A licensing regime would benefit the 100 million people who visit our uplands each year, with a higher quality environment. It would benefit land managers who already operate sustainably. It would also benefit the population more widely: the uplands gather more than 70 per cent of our drinking water and store billions of tonnes of carbon in peat and soils, services that are degraded by poor management practices. Wildlife would also benefit, birds like peregrine, goshawk and the three pairs of hen harrier attempting to nest in England this year, sphagnum mosses and hundreds of specialist invertebrates.

What’s the catch?
There are some estates that are looking to intensify their shooting operation and increase the commercial value of their land, despite the fact that they receive large amounts of public money from EU farming subsidies. They would object to any regulation that might restrict their commercial objectives.

What has to change?
Licensing shoots would make good practice mandatory. Shoots acting within the terms of the licence would have nothing to fear. Vicarious liability should also be introduced for wildlife offences, making the landowner or shoot organiser responsible for any illegal persecution.

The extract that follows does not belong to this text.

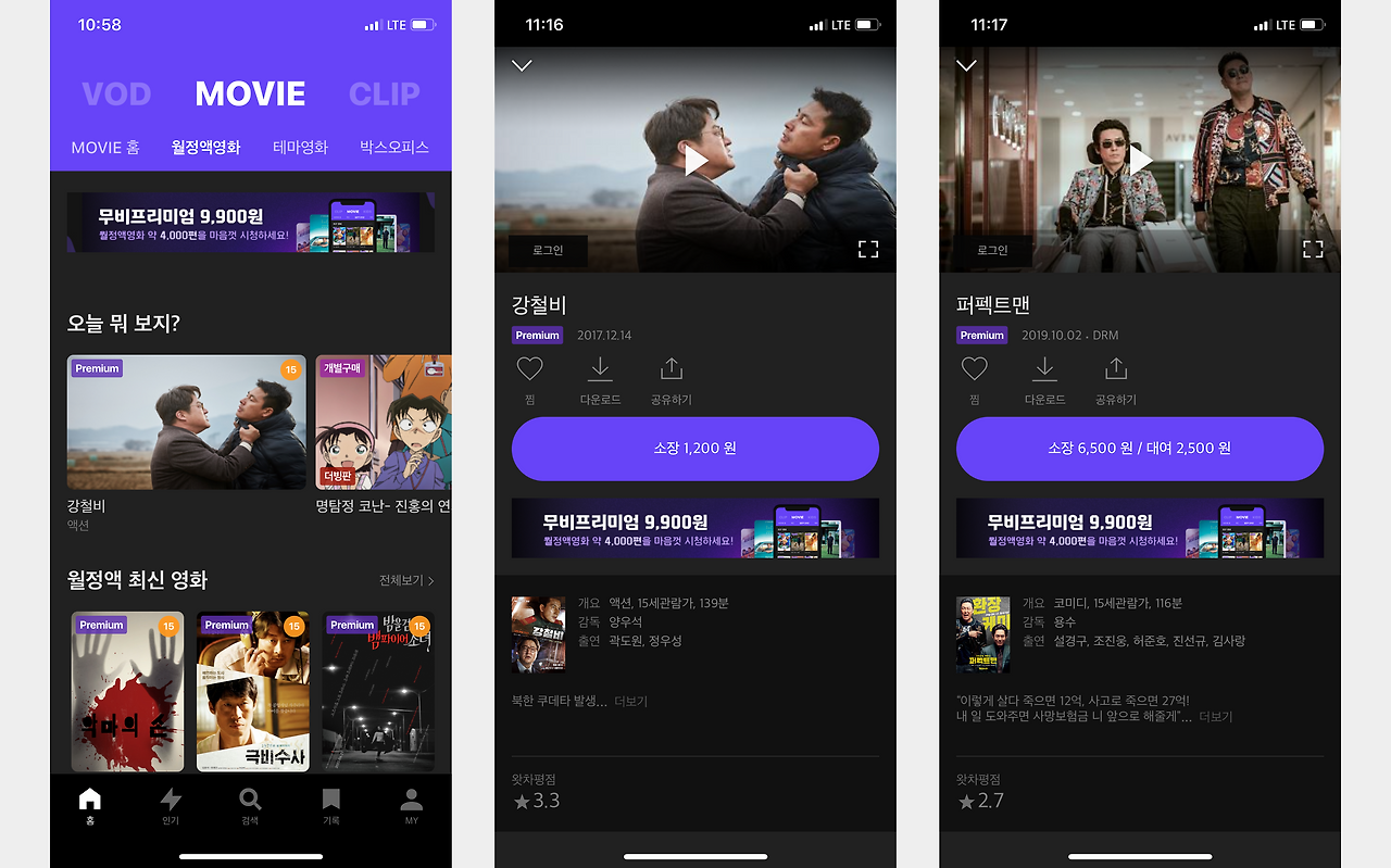 아쉬운 부분은 여기서 멈추지 않는다. '오늘 뭐 보지'라는 구성과 '월정액 최신 영화'의 카드 디자인이 다르게 되어있으므로 다른 내용을 보여줄 것 같은 느낌을 주는데 사실상 상세영역으로 눌러보면 같은 디자인이 나온다. 바로 VOD를 시청할 수 있는 플로우임에도 불구하고 다르게 디자인이 되어진 이유가 있을까? 워딩만으로도 구분이 가능하다고 생각한다.

A licensing regime should specify the following:

  • All driven grouse shooting should be included.
  • Hunting should be subject to a transparent planning and reporting process, including commitments to meet agreed quotas of grouse shot and statutory obligations for protected species, habitats and areas.
  • An expectation of reasonable access for monitoring purposes.
  • Implementation of the management necessary to meet site conservation objectives of any protected area managed as a grouse moor.
  • Any breach of conditions or existing environmental legislation should lead to the licence being revoked
  • It should be cost neutral to the state.

Why should it be in the manifestos?
Landscapes like the Pennines and North York Moors require protection, so they can continue to be wild places where wildlife flourishes, where people can work in ways that protect the land and visitors can find peace and inspiration.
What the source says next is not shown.